论文标题
通过用于动态ML工作负载的资源调度来探索收缩矢量体系结构
Exploration of Systolic-Vector Architecture with Resource Scheduling for Dynamic ML Workloads
论文作者
论文摘要
随着人工智能(AI)和机器学习(ML)技术破坏了广泛的行业,云数据中心在推理工作量中的需求不断增加。但是,基于CPU的传统服务器无法处理深神经网络(DNN)模型过多的计算要求,而基于GPU的服务器则遭受巨大的功耗和高运营成本。在本文中,我们提出了一个可扩展的收缩压体系结构,该体系结构可以应对云数据中心中动态更改DNN的工作负载。我们首先设计了一种轻巧的DNN模型描述格式,称为统一模型格式(UMF),该格式可以在硬件加速器中实现通用模型表示和快速解码。基于这种模型格式,我们提出了一个异质体系结构,该架构具有负载平衡器,该载荷平衡器执行高水平的工作负载分布和多个收缩压矢量簇,每个群集都由可编程的调度程序,以吞吐量为导向的基调阵列和功能为导向的矢量处理器。我们还提出了一种异质性感知的调度算法,该算法可以同时执行多个DNN工作负载,同时基于计算和内存访问时间估计,在最大化异质硬件利用率上最大化。最后,我们基于实际综合和位置和路由实现结果建立了一个体系结构仿真框架,并为拟议的体系结构进行设计空间探索。结果,所提出的收缩压体系结构的吞吐量性能高出10.9倍,而在现实的ML工作负载上,吞吐量性能高30.17倍。与标准的旋转蛋白计划相比,拟议的异质性调度算法分别提高了81%和20%的吞吐量和能源效率。

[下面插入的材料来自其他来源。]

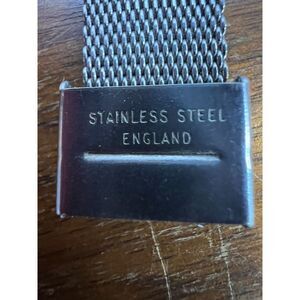 SPECS: 18mm Case width (small/classic size face) 16mm Band width 11mm Case thickness Fits comfortably on 6.75" wrists MAX without stretching the bracelet (fully adjustable sliding clasp) Acrylic crystal (can be polished if scuffed) Silver sunburst dial features silver and black baton indices and hands Silver tone chrome plated case with Milanese mesh stainless steel bracelet/band France case and Taiwan dial Model: 80250-06977 Circa 1977ked last time
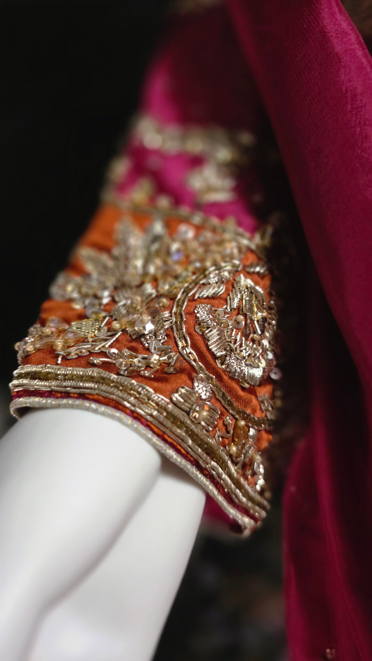 Rangrez Rani is a striking silhouette rendered in a vibrant magenta pink hue, featuring a statement pure sheesha silk shirt framed with contrast rust appliqué borders. The shirt is richly embellished with handcrafted zardozi and crystal work, creating a luminous interplay of texture and shine.
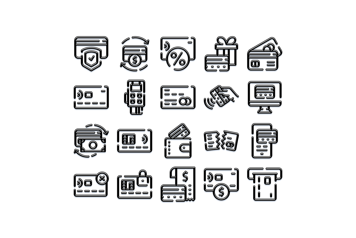 Collection of outline icons illustrating various financial transactions, secure online payments, banking operations, and credit card management for concepts
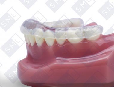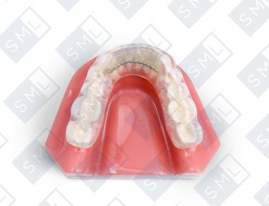 The Tanner/CR Splint is a repositioning splint that is fabricated on the mandibular arch and is used to advance the mandible. It is a full-coverage splint with acrylic that contacts the upper anterior and posterior teeth and is fabricated to the Construction Bite position as provided with the working models.
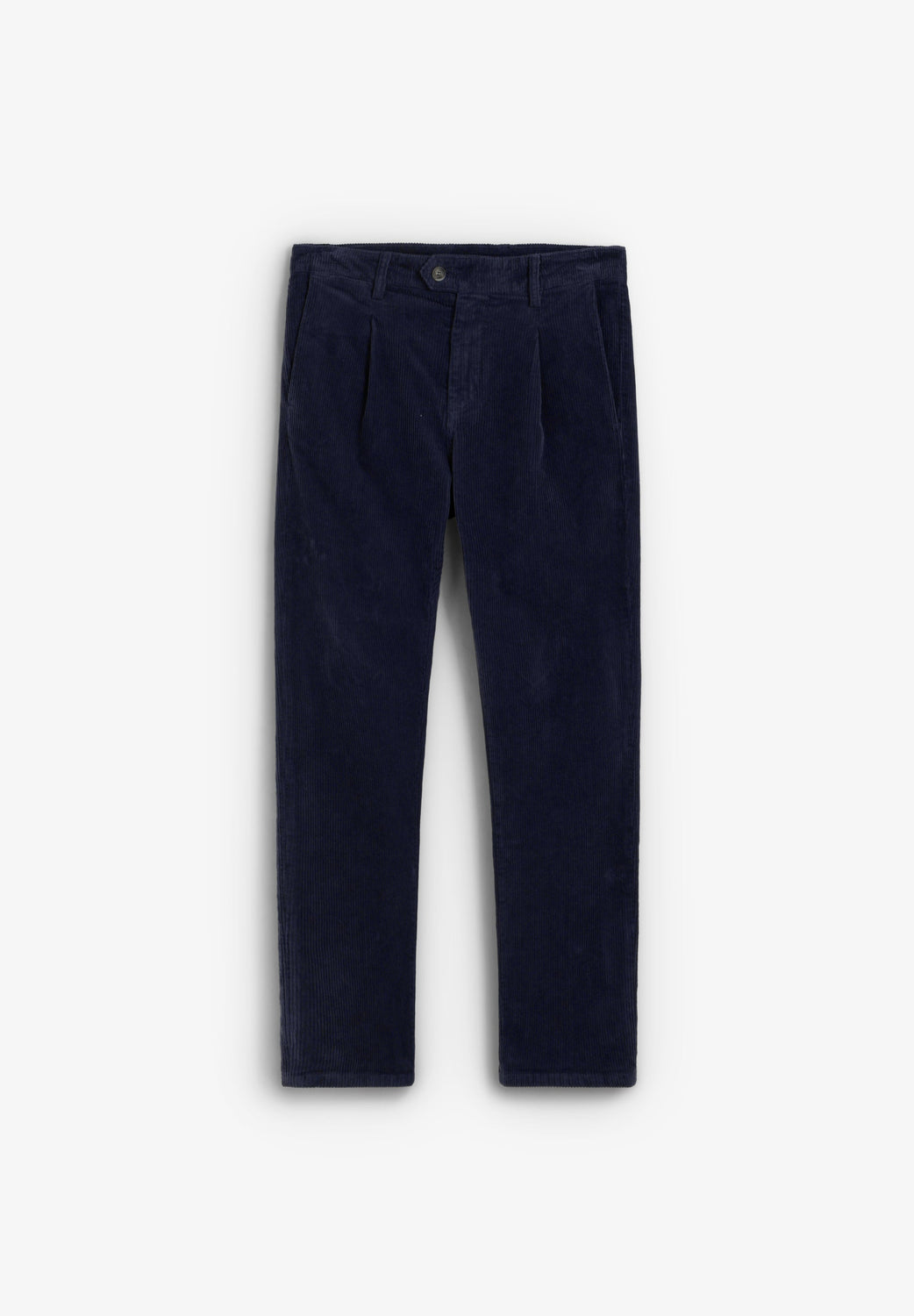 Calças firenze de bombazina. Corte regular. Silhueta a direito. Fecho à frente de botão e fecho de correr. Presilhas para cinto. Bolsos laterais.

As artificial intelligence (AI) and machine learning (ML) technologies disrupt a wide range of industries, cloud datacenters face ever-increasing demand in inference workloads. However, conventional CPU-based servers cannot handle excessive computational requirements of deep neural network (DNN) models, while GPU-based servers suffer from huge power consumption and high operating cost. In this paper, we present a scalable systolic-vector architecture that can cope with dynamically changing DNN workloads in cloud datacenters. We first devise a lightweight DNN model description format called unified model format (UMF) that enables general model representation and fast decoding in hardware accelerator. Based on this model format, we propose a heterogeneous architecture that features a load balancer that performs a high-level workload distribution and multiple systolic-vector clusters, in which each cluster consists of a programmable scheduler, throughput-oriented systolic arrays, and function-oriented vector processors. We also propose a heterogeneity-aware scheduling algorithm that enables concurrent execution of multiple DNN workloads while maximizing heterogeneous hardware utilization based on computation and memory access time estimation. Finally, we build an architecture simulation framework based on actual synthesis and place-and-route implementation results and conduct design space exploration for the proposed architecture. As a result, the proposed systolic-vector architecture achieves 10.9x higher throughput performance and 30.17x higher energy efficiency than a compatible GPU on realistic ML workloads. The proposed heterogeneity-aware scheduling algorithm improves the throughput and energy efficiency by 81% and 20%, respectively, compared to a standard round-robin scheduling.